- RECORDS FOR THIS TASK
* * * * *

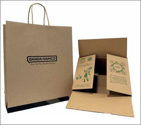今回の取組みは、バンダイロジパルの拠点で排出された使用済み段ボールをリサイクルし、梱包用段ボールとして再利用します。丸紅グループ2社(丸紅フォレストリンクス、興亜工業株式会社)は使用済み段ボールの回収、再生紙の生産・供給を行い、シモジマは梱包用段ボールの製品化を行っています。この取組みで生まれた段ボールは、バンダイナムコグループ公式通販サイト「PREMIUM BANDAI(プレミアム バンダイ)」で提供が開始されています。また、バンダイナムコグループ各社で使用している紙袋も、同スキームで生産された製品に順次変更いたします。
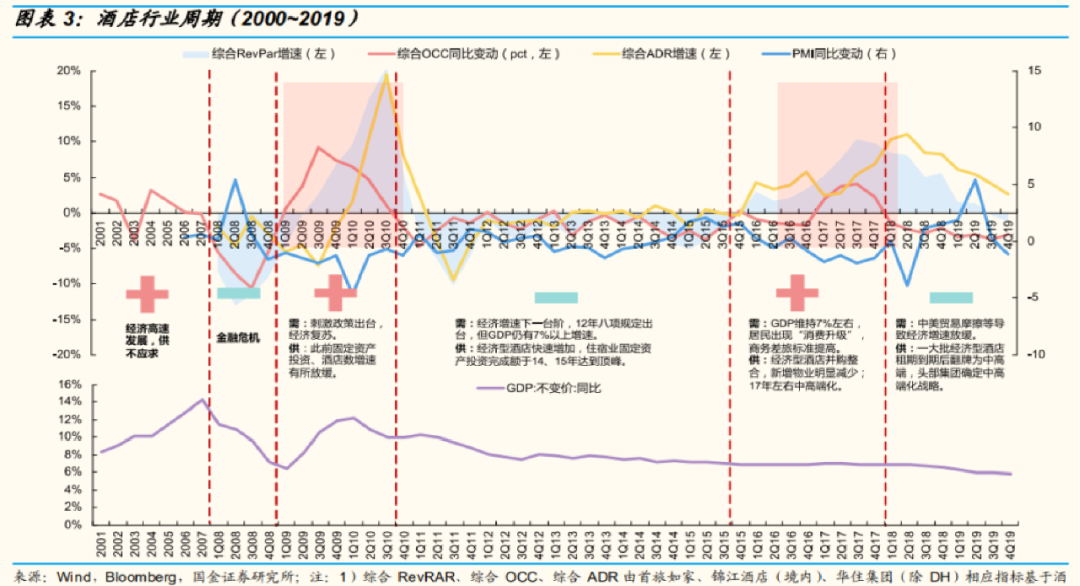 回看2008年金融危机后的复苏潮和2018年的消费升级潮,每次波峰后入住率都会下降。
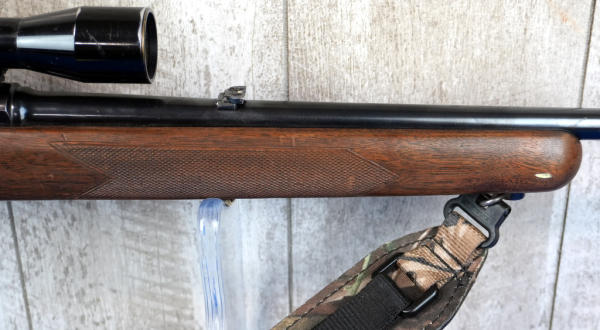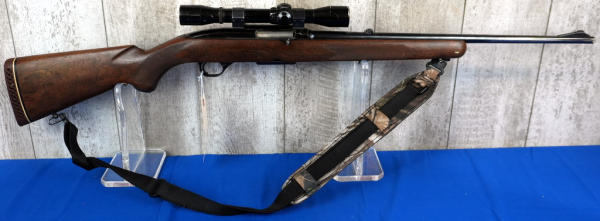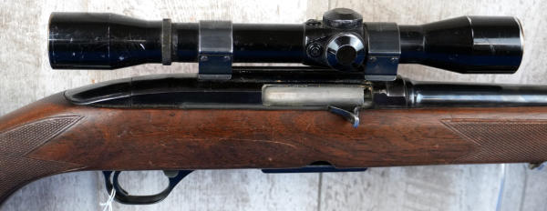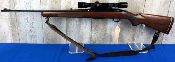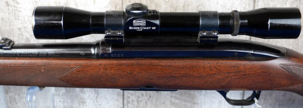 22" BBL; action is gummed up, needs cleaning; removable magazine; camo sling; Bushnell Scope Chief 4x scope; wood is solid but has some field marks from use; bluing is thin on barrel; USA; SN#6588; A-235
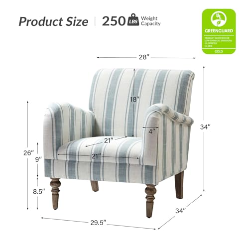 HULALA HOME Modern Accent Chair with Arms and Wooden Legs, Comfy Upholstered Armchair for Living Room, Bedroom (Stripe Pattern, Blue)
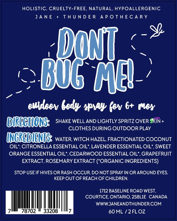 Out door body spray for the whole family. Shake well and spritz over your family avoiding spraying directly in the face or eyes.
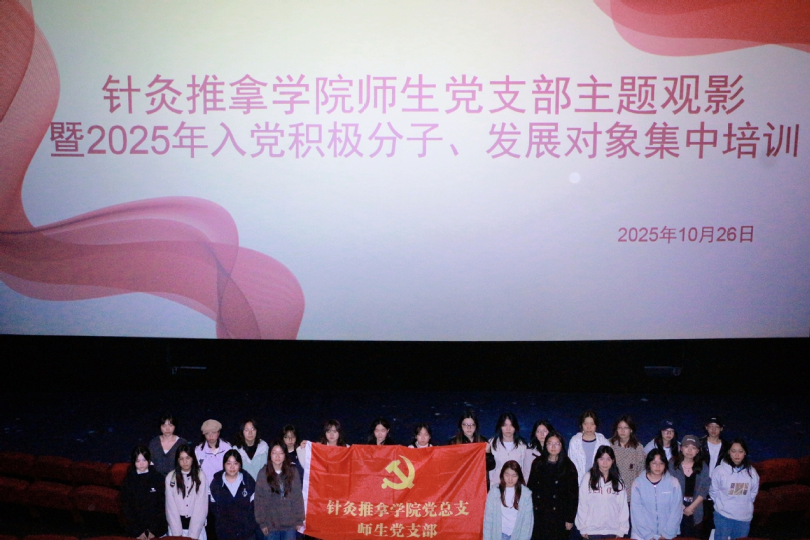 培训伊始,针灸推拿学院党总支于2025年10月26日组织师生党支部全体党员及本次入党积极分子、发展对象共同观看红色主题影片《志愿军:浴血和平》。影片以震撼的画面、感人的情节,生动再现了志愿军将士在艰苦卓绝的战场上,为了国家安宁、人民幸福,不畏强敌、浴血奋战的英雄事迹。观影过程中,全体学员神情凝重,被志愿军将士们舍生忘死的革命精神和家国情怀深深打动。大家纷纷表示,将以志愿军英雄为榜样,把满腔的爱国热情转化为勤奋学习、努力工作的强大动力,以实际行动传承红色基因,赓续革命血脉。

* * * * *

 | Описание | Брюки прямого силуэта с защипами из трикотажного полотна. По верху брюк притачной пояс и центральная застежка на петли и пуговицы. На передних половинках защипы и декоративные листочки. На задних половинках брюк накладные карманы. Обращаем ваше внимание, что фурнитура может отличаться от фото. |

* * * * *

Set the pictures aside and reproduce exactly the lines above, from the line holding "回看2008年金融危机后的复" through the line holding "培训伊始,针灸推拿学院党总支", both included, with nothing else.

- SOLUTION FOR THIS PROBLEM
 回看2008年金融危机后的复苏潮和2018年的消费升级潮,每次波峰后入住率都会下降。
 22" BBL; action is gummed up, needs cleaning; removable magazine; camo sling; Bushnell Scope Chief 4x scope; wood is solid but has some field marks from use; bluing is thin on barrel; USA; SN#6588; A-235
 HULALA HOME Modern Accent Chair with Arms and Wooden Legs, Comfy Upholstered Armchair for Living Room, Bedroom (Stripe Pattern, Blue)
 Out door body spray for the whole family. Shake well and spritz over your family avoiding spraying directly in the face or eyes.
 培训伊始,针灸推拿学院党总支于2025年10月26日组织师生党支部全体党员及本次入党积极分子、发展对象共同观看红色主题影片《志愿军:浴血和平》。影片以震撼的画面、感人的情节,生动再现了志愿军将士在艰苦卓绝的战场上,为了国家安宁、人民幸福,不畏强敌、浴血奋战的英雄事迹。观影过程中,全体学员神情凝重,被志愿军将士们舍生忘死的革命精神和家国情怀深深打动。大家纷纷表示,将以志愿军英雄为榜样,把满腔的爱国热情转化为勤奋学习、努力工作的强大动力,以实际行动传承红色基因,赓续革命血脉。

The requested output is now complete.